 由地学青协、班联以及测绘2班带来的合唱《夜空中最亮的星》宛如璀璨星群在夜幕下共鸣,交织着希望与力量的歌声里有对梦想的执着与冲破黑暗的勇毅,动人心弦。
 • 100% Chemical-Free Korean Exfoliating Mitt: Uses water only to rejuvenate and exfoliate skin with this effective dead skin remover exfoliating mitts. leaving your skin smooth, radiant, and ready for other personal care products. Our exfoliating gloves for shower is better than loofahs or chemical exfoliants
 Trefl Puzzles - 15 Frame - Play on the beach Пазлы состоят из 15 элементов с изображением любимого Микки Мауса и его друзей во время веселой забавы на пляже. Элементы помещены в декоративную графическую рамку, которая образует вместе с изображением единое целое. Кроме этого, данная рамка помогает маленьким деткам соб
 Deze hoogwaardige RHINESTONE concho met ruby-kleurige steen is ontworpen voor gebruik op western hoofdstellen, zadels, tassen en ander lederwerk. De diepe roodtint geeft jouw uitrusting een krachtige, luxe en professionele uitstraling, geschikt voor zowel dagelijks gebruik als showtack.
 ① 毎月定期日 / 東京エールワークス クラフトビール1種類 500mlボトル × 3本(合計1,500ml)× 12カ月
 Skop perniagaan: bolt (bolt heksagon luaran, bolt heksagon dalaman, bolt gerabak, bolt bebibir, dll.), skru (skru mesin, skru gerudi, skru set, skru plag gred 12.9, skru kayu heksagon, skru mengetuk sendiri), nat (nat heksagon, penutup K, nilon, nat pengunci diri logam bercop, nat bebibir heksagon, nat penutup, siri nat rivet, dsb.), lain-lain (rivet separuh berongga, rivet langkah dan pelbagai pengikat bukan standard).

__________________________________________________

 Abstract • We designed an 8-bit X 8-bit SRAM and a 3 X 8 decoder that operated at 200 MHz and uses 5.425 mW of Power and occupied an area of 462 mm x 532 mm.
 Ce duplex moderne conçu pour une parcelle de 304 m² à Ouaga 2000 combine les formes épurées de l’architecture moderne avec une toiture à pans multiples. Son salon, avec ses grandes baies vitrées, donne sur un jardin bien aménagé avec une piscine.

__________________________________________________

• [Your task]: Transcribe the lines above between the line holding "or chemical exfoliants" and the line holding "Trefl Puzzles - 15", inclusive, exactly as they stand and with nothing added.

• [Answer for this exercise]:
 • 100% Chemical-Free Korean Exfoliating Mitt: Uses water only to rejuvenate and exfoliate skin with this effective dead skin remover exfoliating mitts. leaving your skin smooth, radiant, and ready for other personal care products. Our exfoliating gloves for shower is better than loofahs or chemical exfoliants
 Trefl Puzzles - 15 Frame - Play on the beach Пазлы состоят из 15 элементов с изображением любимого Микки Мауса и его друзей во время веселой забавы на пляже. Элементы помещены в декоративную графическую рамку, которая образует вместе с изображением единое целое. Кроме этого, данная рамка помогает маленьким деткам соб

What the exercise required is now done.